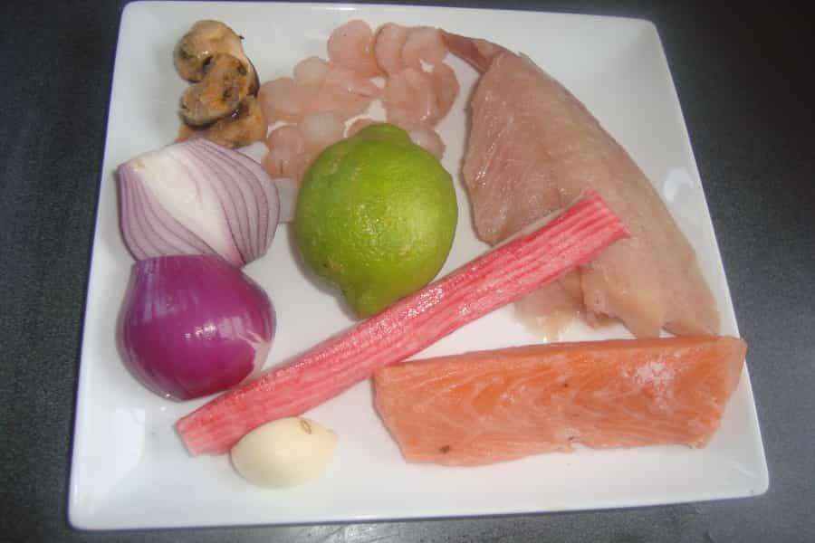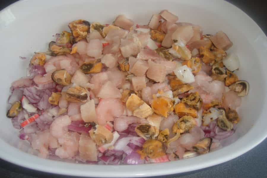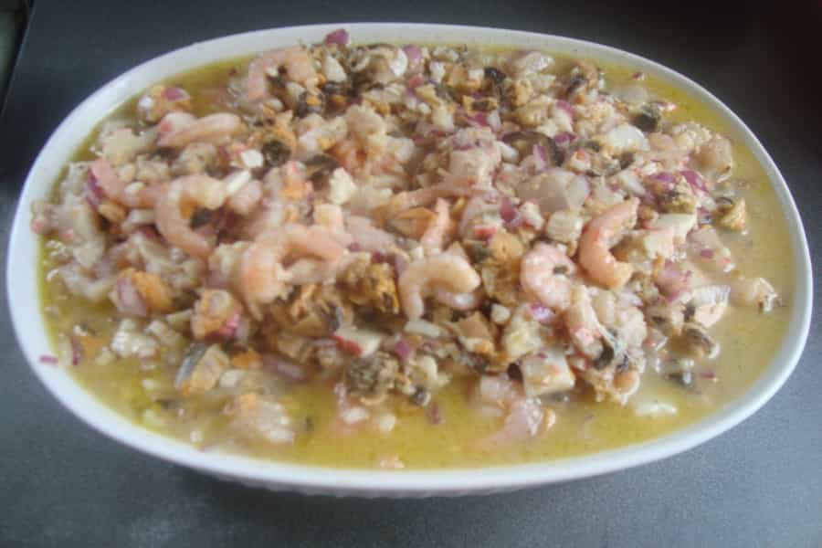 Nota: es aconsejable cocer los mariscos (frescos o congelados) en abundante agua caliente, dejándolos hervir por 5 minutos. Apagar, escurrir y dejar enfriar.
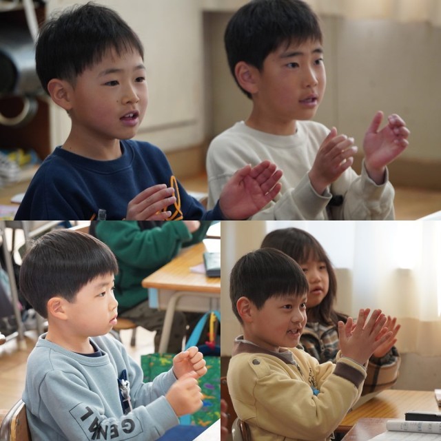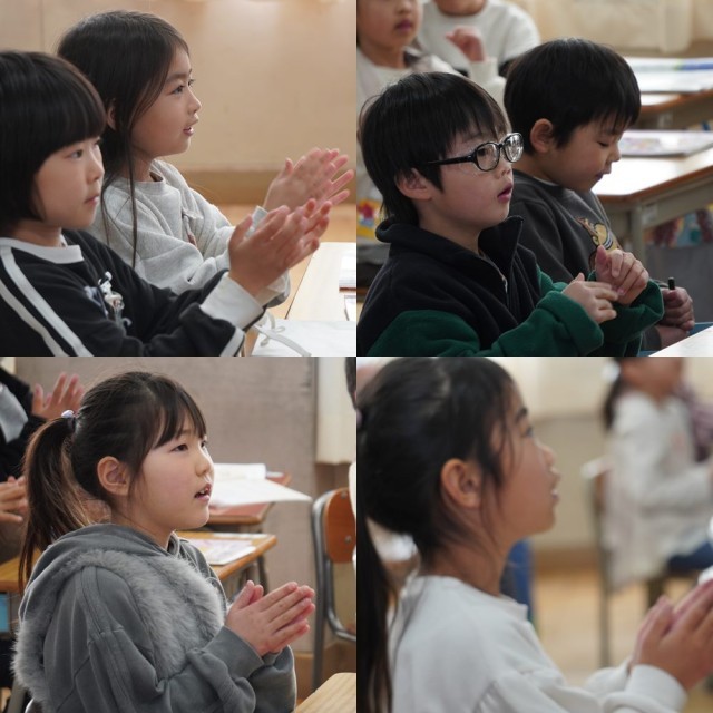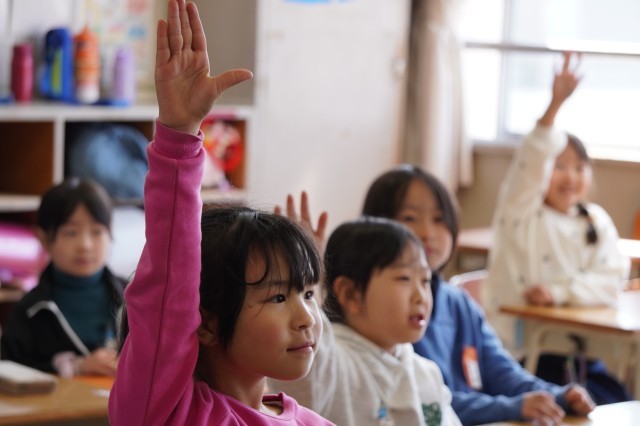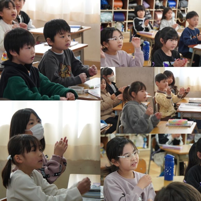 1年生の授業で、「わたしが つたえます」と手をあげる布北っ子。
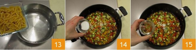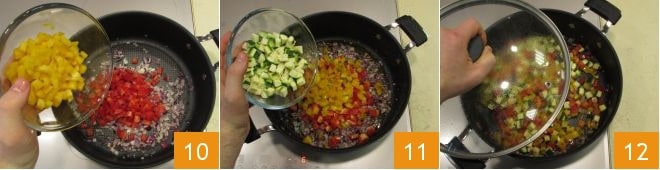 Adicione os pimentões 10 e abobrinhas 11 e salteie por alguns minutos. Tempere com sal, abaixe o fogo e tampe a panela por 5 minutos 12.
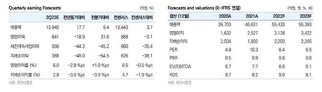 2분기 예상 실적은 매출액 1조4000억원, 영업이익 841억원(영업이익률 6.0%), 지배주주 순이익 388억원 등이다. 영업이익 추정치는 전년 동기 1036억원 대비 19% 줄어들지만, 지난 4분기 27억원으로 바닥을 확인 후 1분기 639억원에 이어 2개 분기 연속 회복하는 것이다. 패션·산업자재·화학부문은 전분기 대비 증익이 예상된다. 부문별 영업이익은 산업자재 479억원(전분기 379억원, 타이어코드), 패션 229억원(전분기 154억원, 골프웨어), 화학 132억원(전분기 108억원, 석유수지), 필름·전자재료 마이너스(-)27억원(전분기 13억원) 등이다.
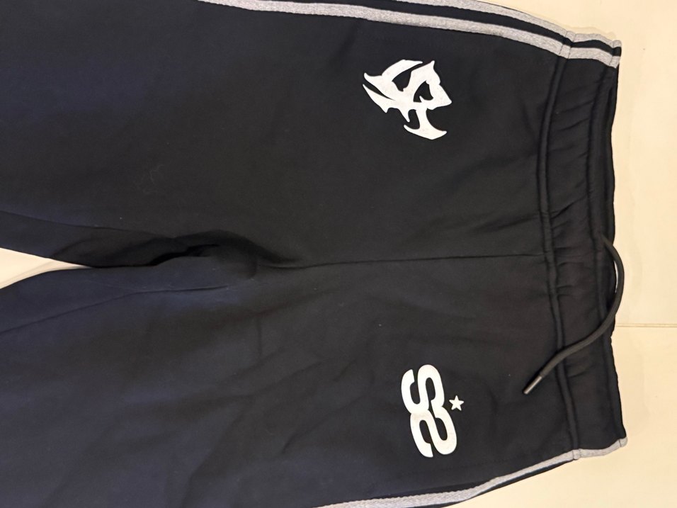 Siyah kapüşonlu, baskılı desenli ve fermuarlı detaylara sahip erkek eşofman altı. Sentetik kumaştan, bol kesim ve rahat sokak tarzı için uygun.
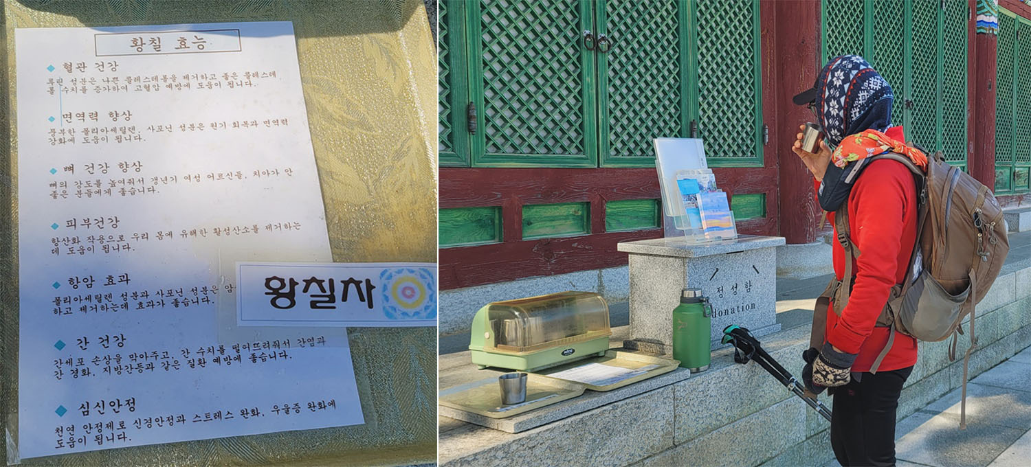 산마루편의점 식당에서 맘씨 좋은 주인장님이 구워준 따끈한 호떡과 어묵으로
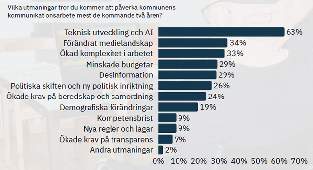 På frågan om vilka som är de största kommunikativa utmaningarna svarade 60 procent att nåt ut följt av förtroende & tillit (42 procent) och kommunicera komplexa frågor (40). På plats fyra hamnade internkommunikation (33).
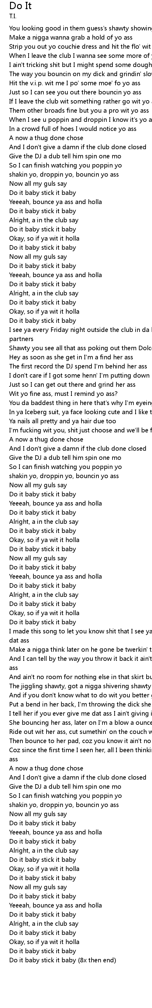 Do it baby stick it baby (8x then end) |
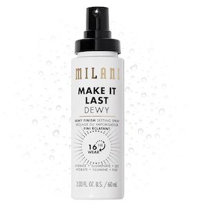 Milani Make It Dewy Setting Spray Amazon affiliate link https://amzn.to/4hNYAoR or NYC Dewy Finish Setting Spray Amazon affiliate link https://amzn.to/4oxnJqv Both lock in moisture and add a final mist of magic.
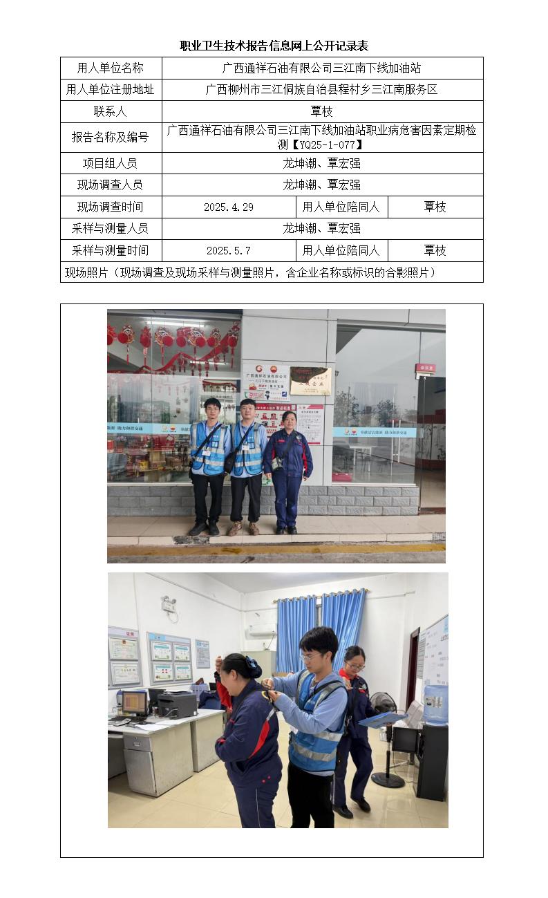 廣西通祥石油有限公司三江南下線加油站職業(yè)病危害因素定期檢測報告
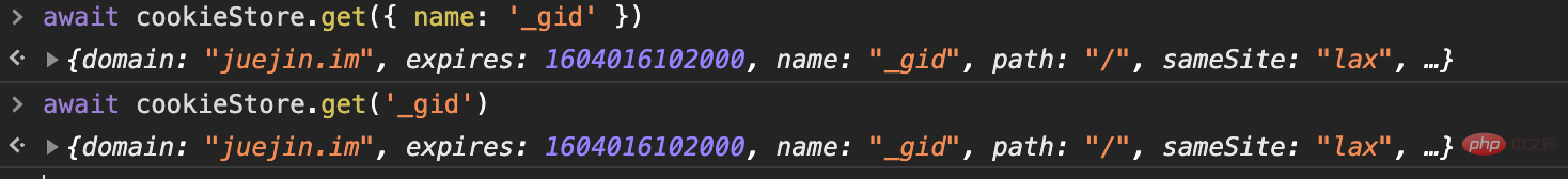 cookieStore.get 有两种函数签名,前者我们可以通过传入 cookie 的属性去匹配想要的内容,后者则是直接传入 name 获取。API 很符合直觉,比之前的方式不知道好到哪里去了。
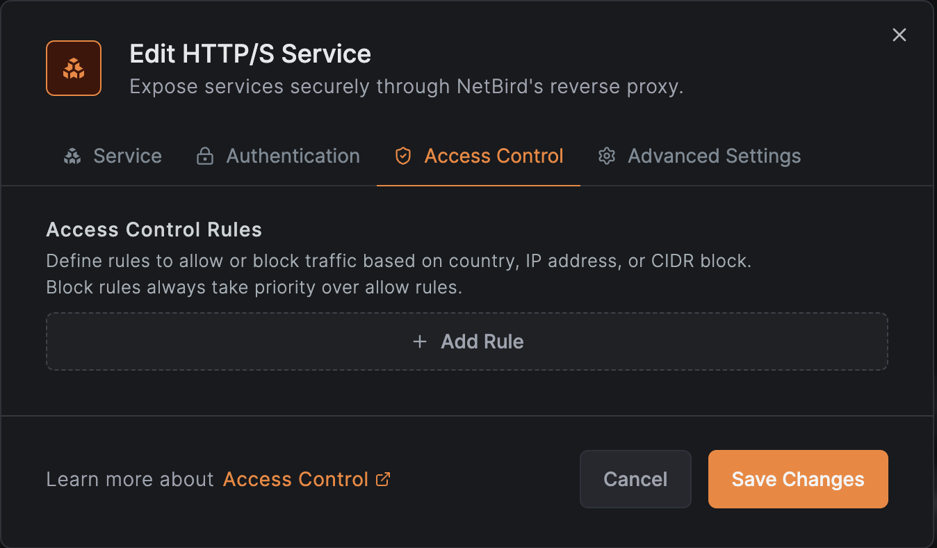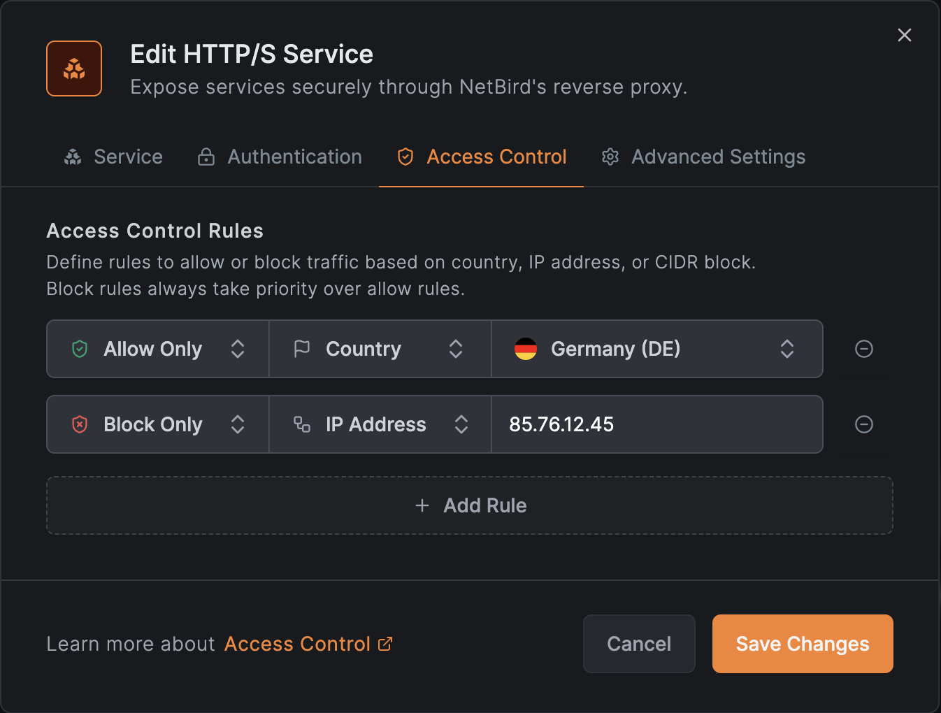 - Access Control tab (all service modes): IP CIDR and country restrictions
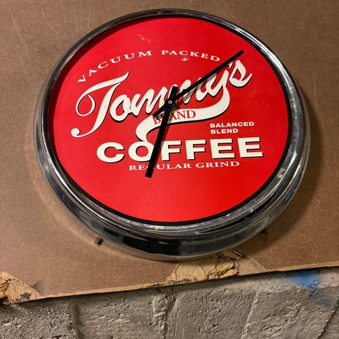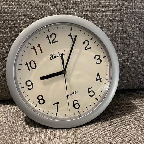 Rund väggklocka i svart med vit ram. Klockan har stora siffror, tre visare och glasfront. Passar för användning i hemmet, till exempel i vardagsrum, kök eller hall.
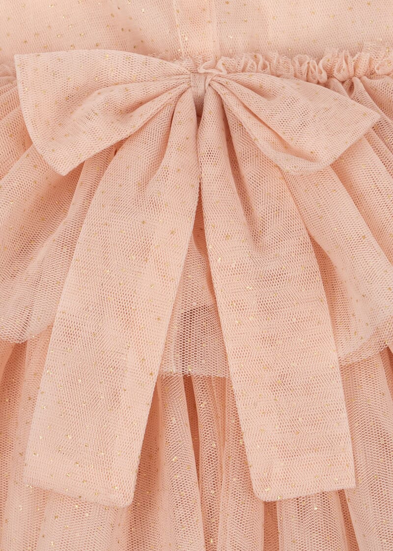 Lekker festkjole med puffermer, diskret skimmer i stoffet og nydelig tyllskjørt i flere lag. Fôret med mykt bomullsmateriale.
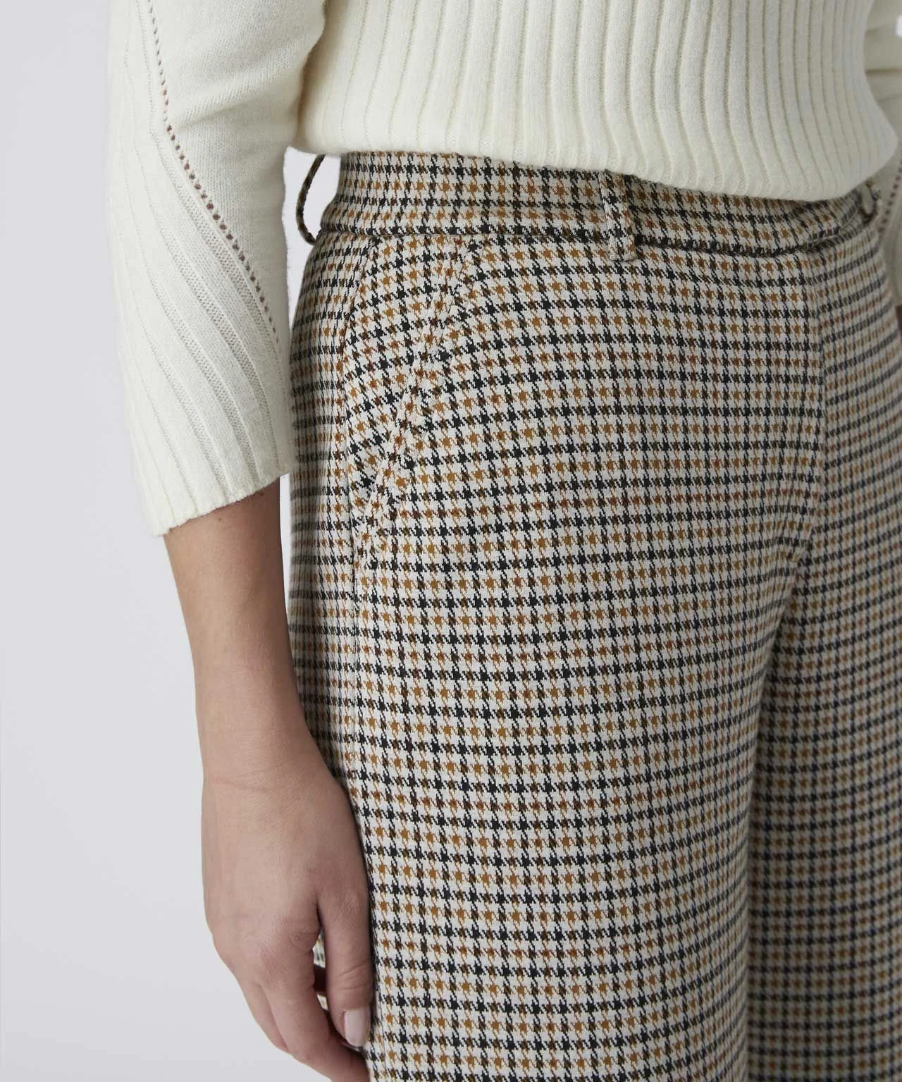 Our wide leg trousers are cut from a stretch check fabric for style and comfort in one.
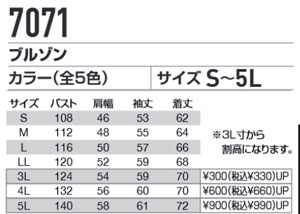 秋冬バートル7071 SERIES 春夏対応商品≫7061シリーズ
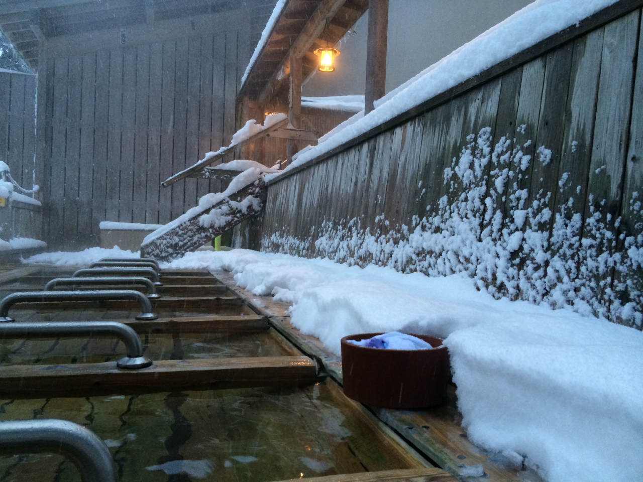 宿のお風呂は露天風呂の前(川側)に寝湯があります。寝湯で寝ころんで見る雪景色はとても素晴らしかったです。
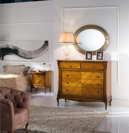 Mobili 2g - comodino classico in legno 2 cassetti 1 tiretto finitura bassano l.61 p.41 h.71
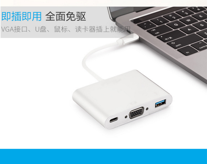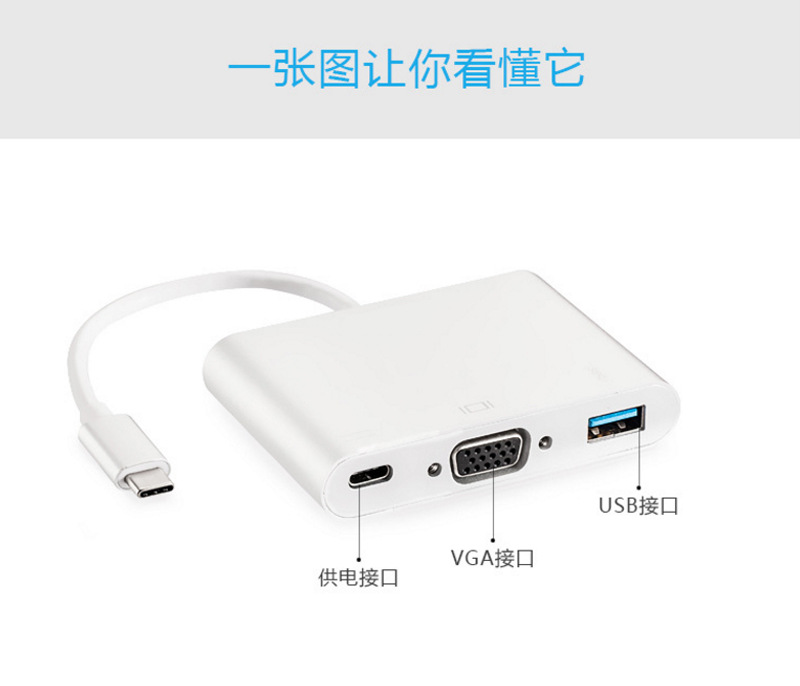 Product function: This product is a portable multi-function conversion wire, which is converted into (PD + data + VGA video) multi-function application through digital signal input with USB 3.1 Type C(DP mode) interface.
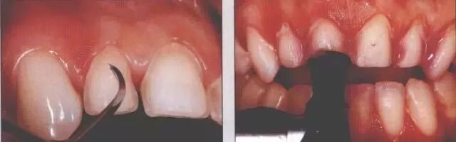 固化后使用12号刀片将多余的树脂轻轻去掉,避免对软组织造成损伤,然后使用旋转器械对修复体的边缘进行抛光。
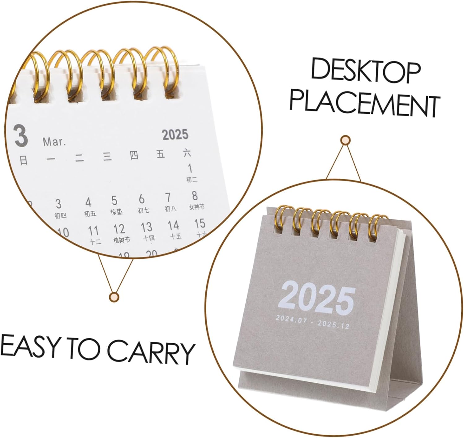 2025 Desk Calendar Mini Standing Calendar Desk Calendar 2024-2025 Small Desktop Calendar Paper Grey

##############################

# [BRIEF]
No pictures belong in the answer, only the lines from the top of the listing through the line containing "廣西通祥石油有限公司三江南下線加油站職業(yè)病危害因素定期檢測報告", repeated word for word.

# [RESPONSE]
 Nota: es aconsejable cocer los mariscos (frescos o congelados) en abundante agua caliente, dejándolos hervir por 5 minutos. Apagar, escurrir y dejar enfriar.
 1年生の授業で、「わたしが つたえます」と手をあげる布北っ子。
 Adicione os pimentões 10 e abobrinhas 11 e salteie por alguns minutos. Tempere com sal, abaixe o fogo e tampe a panela por 5 minutos 12.
 2분기 예상 실적은 매출액 1조4000억원, 영업이익 841억원(영업이익률 6.0%), 지배주주 순이익 388억원 등이다. 영업이익 추정치는 전년 동기 1036억원 대비 19% 줄어들지만, 지난 4분기 27억원으로 바닥을 확인 후 1분기 639억원에 이어 2개 분기 연속 회복하는 것이다. 패션·산업자재·화학부문은 전분기 대비 증익이 예상된다. 부문별 영업이익은 산업자재 479억원(전분기 379억원, 타이어코드), 패션 229억원(전분기 154억원, 골프웨어), 화학 132억원(전분기 108억원, 석유수지), 필름·전자재료 마이너스(-)27억원(전분기 13억원) 등이다.
 Siyah kapüşonlu, baskılı desenli ve fermuarlı detaylara sahip erkek eşofman altı. Sentetik kumaştan, bol kesim ve rahat sokak tarzı için uygun.
 산마루편의점 식당에서 맘씨 좋은 주인장님이 구워준 따끈한 호떡과 어묵으로
 På frågan om vilka som är de största kommunikativa utmaningarna svarade 60 procent att nåt ut följt av förtroende & tillit (42 procent) och kommunicera komplexa frågor (40). På plats fyra hamnade internkommunikation (33).
 Do it baby stick it baby (8x then end) |
 Milani Make It Dewy Setting Spray Amazon affiliate link https://amzn.to/4hNYAoR or NYC Dewy Finish Setting Spray Amazon affiliate link https://amzn.to/4oxnJqv Both lock in moisture and add a final mist of magic.
 廣西通祥石油有限公司三江南下線加油站職業(yè)病危害因素定期檢測報告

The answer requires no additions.